SUMMARY OF QUARTERLY RESULTS

(in thousands of US dollars, except per share amounts)      
     Three month period ended Total   Basic earnings Diluted earnings
  Revenue Net income per share per share
March 31, 2017 $   82,858 $      852 $    0.06 $    0.06
December 31, 2016 81,955 (3,674) (0.24) (0.24)
September 30, 2016 82,442 335 0.02 0.02
June 30, 2016 83,864 931 0.06 0.06
March 31, 2016 73,560 893 0.06 0.06
December 31, 2015 80,228 961 0.06 0.06
September 30, 2015 81,133 768 0.05 0.05
June 30, 2015 67,898 1,721 0.11 0.11

16


Generally, increases in transaction levels, revenues and gross profit will drive higher overall profitability. The Corporation’s revenues are primarily impacted by retention of existing partnerships and products, new partnerships and products launched during the year, and the level and type of promotional activity offered to loyalty program members during the year. In the absence of any new partner or products launched, quarterly revenues will be impacted by the level of marketing and promotional activity carried out with loyalty program members which will vary quarter over quarter.

CRITICAL ACCOUNTING ESTIMATES AND JUDGMENTS

For the Corporation’s accounting policies and critical accounting estimates and judgments, refer to the Corporation’s MD&A and consolidated financial statements for the year ended December 31, 2016. The preparation of the consolidated financial statements in accordance with IFRS, requires management to make judgments, estimates and assumptions that affect the application of policies and the reported amounts of assets and liabilities, income and expenses.

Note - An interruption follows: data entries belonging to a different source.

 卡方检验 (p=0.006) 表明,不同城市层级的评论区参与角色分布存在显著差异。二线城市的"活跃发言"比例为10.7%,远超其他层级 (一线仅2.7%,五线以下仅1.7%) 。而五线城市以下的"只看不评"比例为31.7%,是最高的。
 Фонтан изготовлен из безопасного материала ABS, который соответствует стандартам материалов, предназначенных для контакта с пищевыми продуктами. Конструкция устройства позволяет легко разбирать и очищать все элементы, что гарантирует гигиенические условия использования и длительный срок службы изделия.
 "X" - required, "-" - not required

Significant changes in these assumptions, including those related to our future business plans and cash flows, could materially change the amounts we record. Actual results may differ from these estimates.

The IASB has issued new standards and amendments to existing standards. These changes have not yet been adopted by Corporation and could have an impact on future periods.

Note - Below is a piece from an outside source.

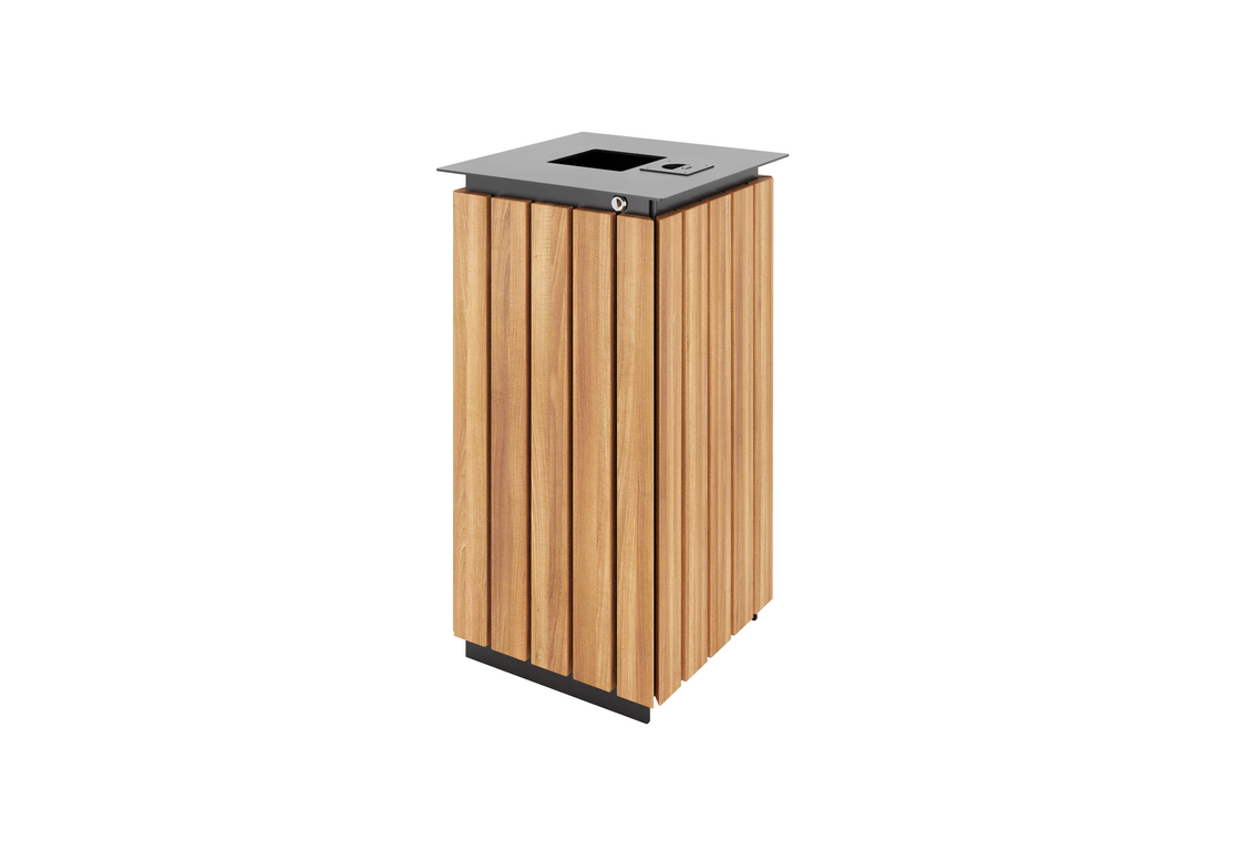 Уличная урна “Канти” изготовлена из металла и дерева. Металлический каркас покрывается порошковой краской. Далее, средствами для защиты от коррозии и сохранения внешнего вида. Деревянные брусья надежно прикреплены металлу и обрабатываются лессирующей пропиткой и террасным маслом. Это делается для придания дереву нужного цветового оттенка и уменьшения влияния осадков, резких перепадов температур. Три варианта покрытия древесины: тик, махагон и палисандр. Лаконичный и стильный дизайн урны “Канти” выгодно дополнит скверы, парки и другие общественные места.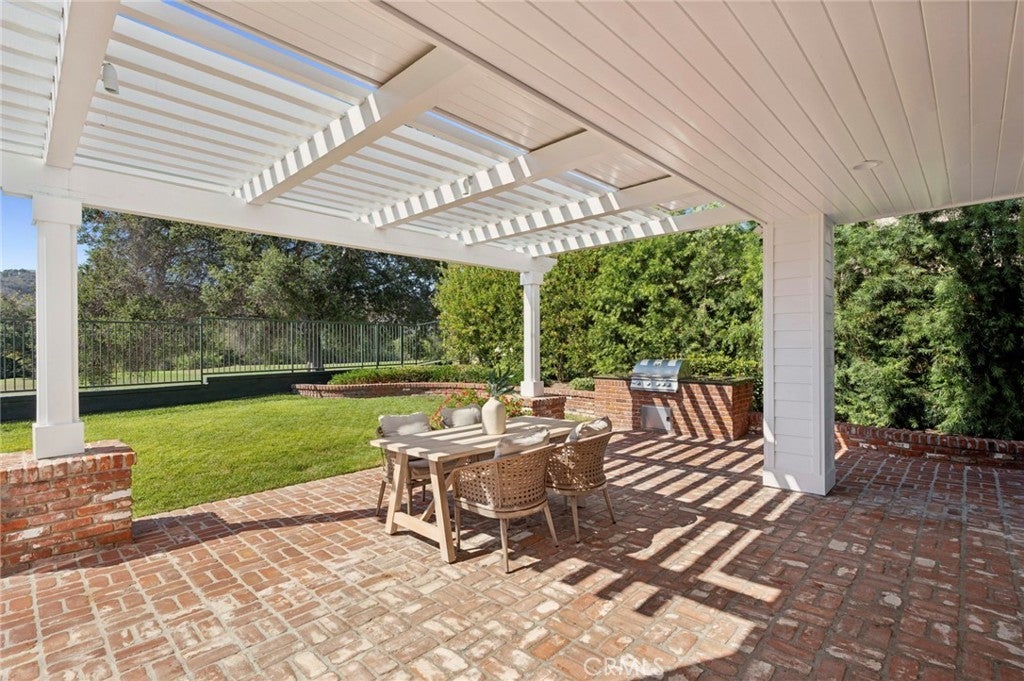 - Exterior FeaturesBarbecue, Lighting, Rain Gutters, Awning(s), Brick Driveway

         ·        IFRS 15, Revenue from Contracts with Customers (effective January 1, 2018); 
         ·        IFRS 2, Share-based Payment (effective January 1, 2018); 
         ·        IFRS 9, Financial Instruments (effective January 1, 2018); 
         ·        IFRIC Interpretation 22, Foreign Currency Translation and Advance Consideration (effective January 1, 2018) and 
         ·        IFRS 16, Leases (effective January 1, 2019).

The Corporation adopted the following standard issued by the IASB. These changes did not have a material impact on the consolidated financial statements. 
         ·        Amendments to IAS 7, Statement of Cash Flows

These changes are described in detail in the Corporation’s 2016 audited consolidated financial statements and 2016 annual management’s discussion and analysis.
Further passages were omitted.